В тот же день и Константин князь приехал из Новгорода к отцу своему, и встречали его на реке Шедашке все братья его: Георгий, Ярослав, Владимир, Святослав, Иоанн, и все мужи отца его, и горожане все от мала и до велика. И братья, увидев его, с радостью поклонились ему, и целовали его любезно все люди. И въехал в град Владимир, и поклонился отцу своему Константин…
(27. Стб. 428–429)
Всеволод Юрьевич вызвал сына для того, чтобы обсудить с ним план совместных действий в предстоящем походе на Чернигов, к которому он готовился весьма тщательно. Надо полагать, что тогда же Константин договорился с отцом о том, что после завершения войны вернётся не в Новгород, но в Ростов.

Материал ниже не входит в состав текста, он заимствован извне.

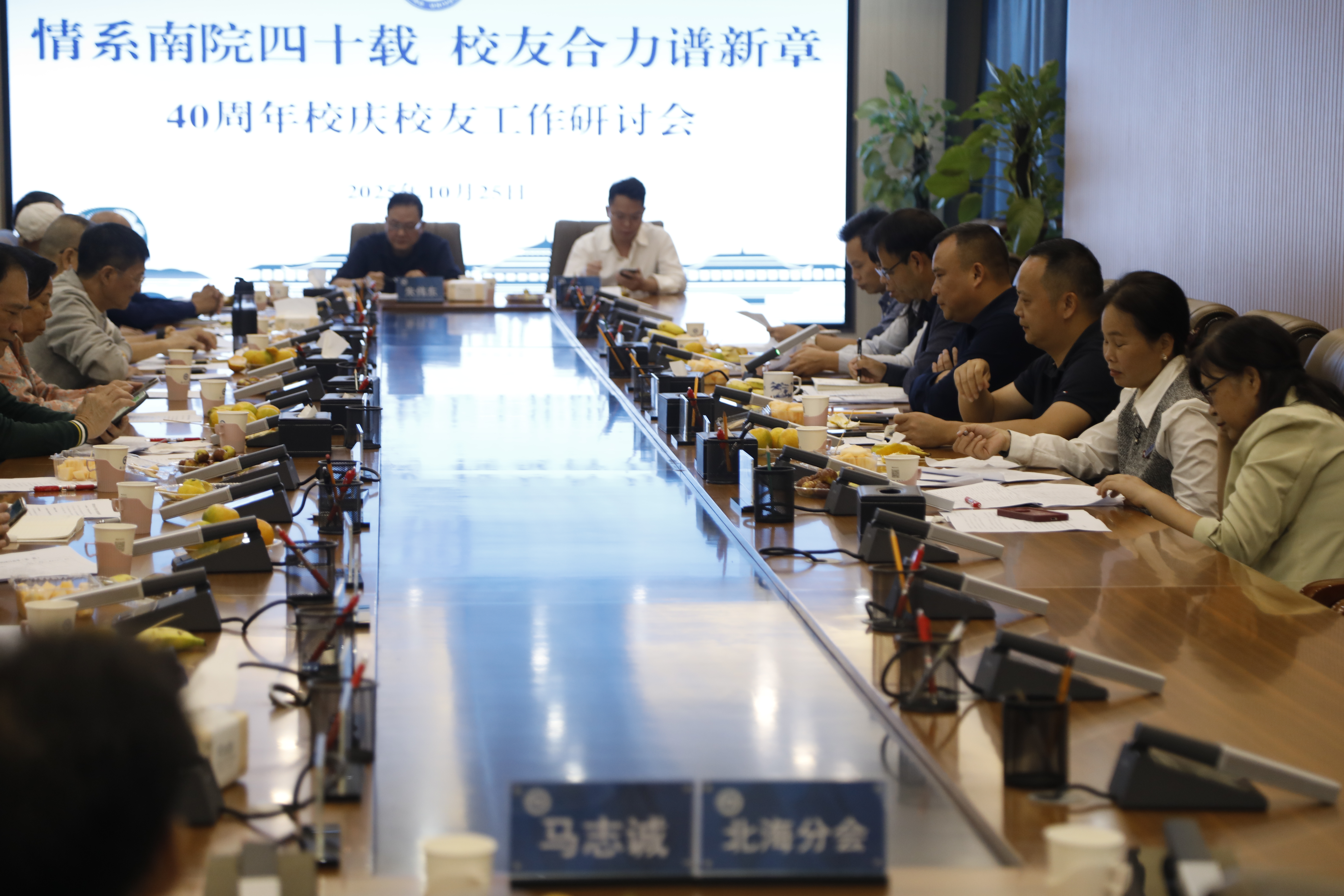 四秩传薪火,邕江涌深情。10月25日下午,学校在行政楼400会议室召开南宁学院40周年校庆校友工作座谈会。学校党委委员、副校长、校友总会会长龚击及学校相关部门、校友总会领导陈铁、李林伟、杨小凤、黄丽军、陆海兰、蓝军斌与来自各地校友分会的会长、副会长、秘书长及校友代表共聚一堂,围绕学校40周年校庆有关议题展开深入交流,共话母校发展。会议由党委办公室、校长办公室、校友工作办公室主任李林伟主持。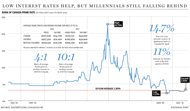 金融邮报(Financial Post)的报道说,这位教授用了房价/工资之比来分析千禧一代(25-34岁年龄组)与他们父母一代的差别:在上世纪70年代,比如说1976年,婴儿潮一代也正处于现在千禧一代的年龄段,那个时候经通胀调整之后的平均房价为$213,030,全职工作年轻人的中位数收入是$54,700,因此房价与收入的比率大致为:4:1。

Между тем в отсутствие Константина в Новгороде произошло злодеяние, о котором поведал новгородский летописец. 17 марта, «на святого Алексия», на Ярославле дворе – обычном месте вечевых собраний – был убит некий Олекса Сбыславич; убит же он был по приказу Всеволодова боярина Лазаря, которого владимирский князь прислал править городом в отсутствие сына (30. Стб. 260; 44. С. 69). Мало того что Олекса был убит «без вины», – тяжесть преступления усугублялась тем, что он был убит в Великий пост и к тому же в день своих именин!
Злодеяние это не могло остаться без последствий. Уже на следующий день, по словам того же летописца, «плакала Святая Богородица у Святого Якова в Неревском конце». Сигнал, вполне внятный для человека Средневековья! Слёзы, выступившие на иконе, не сулили ничего хорошего ни убийцам, ни тем, кто стоял за ними. А ещё знамение это не сулило ничего хорошего пришлым в город вместе с князем и боярином суздальским «мужам». Примерно за сорок лет до описываемых событий Богородица уже плакала сразу на трёх иконах в трёх новгородских церквах – и это стало предвестием жестокого поражения, которое владимирское войско потерпело под стенами Новгорода. Правда, тогда исполнения знамения пришлось ждать три года. Вот и на этот раз слёзы Богородицы отлились убийцам не сразу, но по прошествии двух лет, когда в Новгороде вспыхнул мятеж, обрушившийся на сторонников владимирского князя.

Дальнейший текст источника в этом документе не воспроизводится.